### TASK REQUIREMENTS
Below are some records. Print exactly the lines between the one holding "任務獎勵:【雪流長褲】、【冰" and the one holding "- Targets Bad", inclusive, and nothing else.

DATA SUPPLIED section start

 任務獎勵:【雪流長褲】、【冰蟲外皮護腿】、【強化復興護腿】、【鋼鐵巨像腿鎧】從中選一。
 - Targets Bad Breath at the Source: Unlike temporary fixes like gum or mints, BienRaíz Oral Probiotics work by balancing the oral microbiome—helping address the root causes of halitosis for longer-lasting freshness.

DATA SUPPLIED section end
DATA SUPPLIED section start

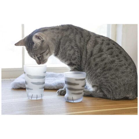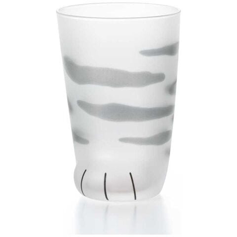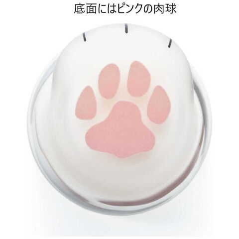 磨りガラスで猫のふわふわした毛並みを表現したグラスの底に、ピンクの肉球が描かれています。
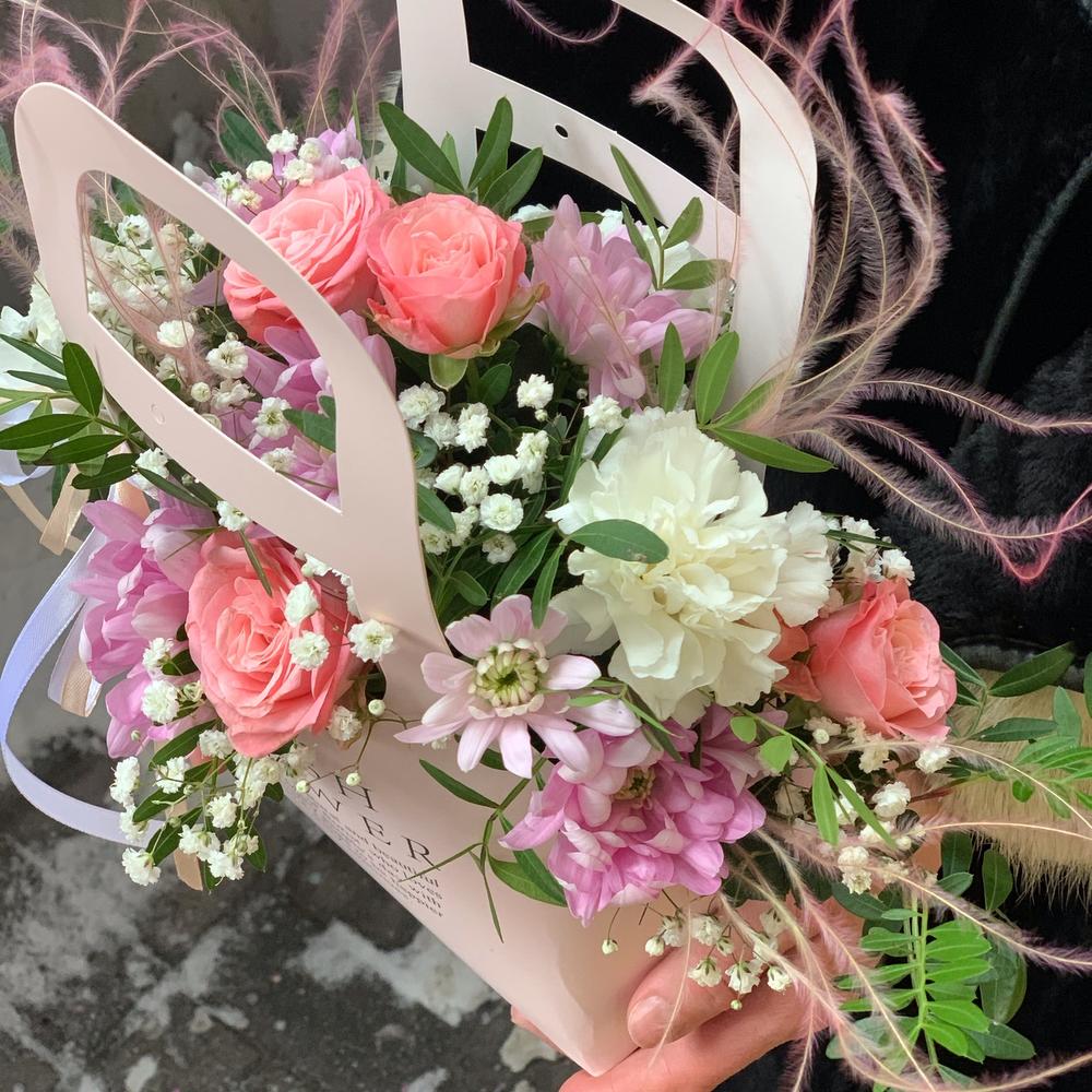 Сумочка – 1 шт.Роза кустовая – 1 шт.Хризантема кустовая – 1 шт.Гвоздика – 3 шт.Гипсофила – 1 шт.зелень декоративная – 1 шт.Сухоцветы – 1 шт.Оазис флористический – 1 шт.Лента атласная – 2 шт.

DATA SUPPLIED section end
DATA SUPPLIED section start

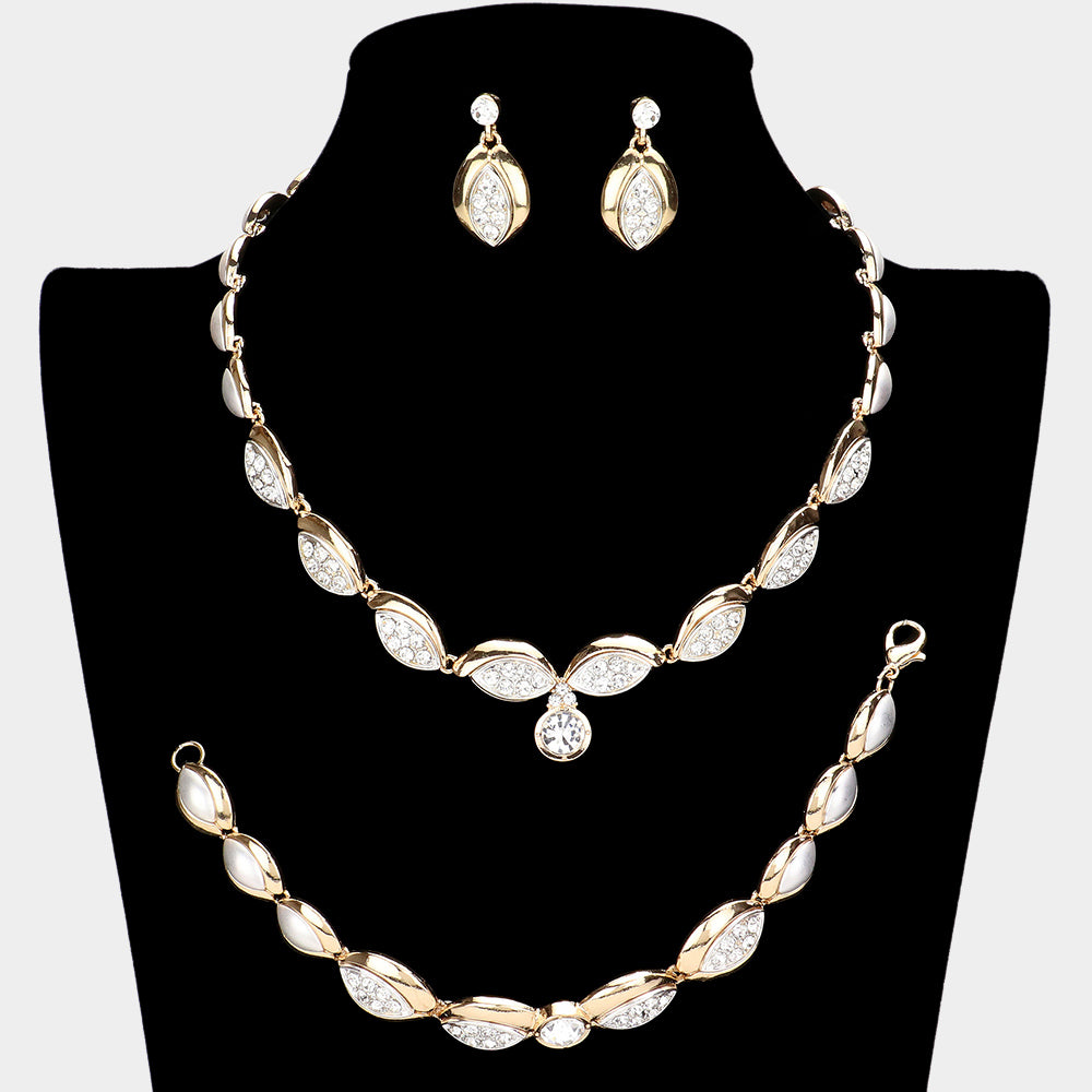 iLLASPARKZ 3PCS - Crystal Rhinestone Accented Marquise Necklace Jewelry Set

DATA SUPPLIED section end

### RESPONSE BOX
 任務獎勵:【雪流長褲】、【冰蟲外皮護腿】、【強化復興護腿】、【鋼鐵巨像腿鎧】從中選一。
 - Targets Bad Breath at the Source: Unlike temporary fixes like gum or mints, BienRaíz Oral Probiotics work by balancing the oral microbiome—helping address the root causes of halitosis for longer-lasting freshness.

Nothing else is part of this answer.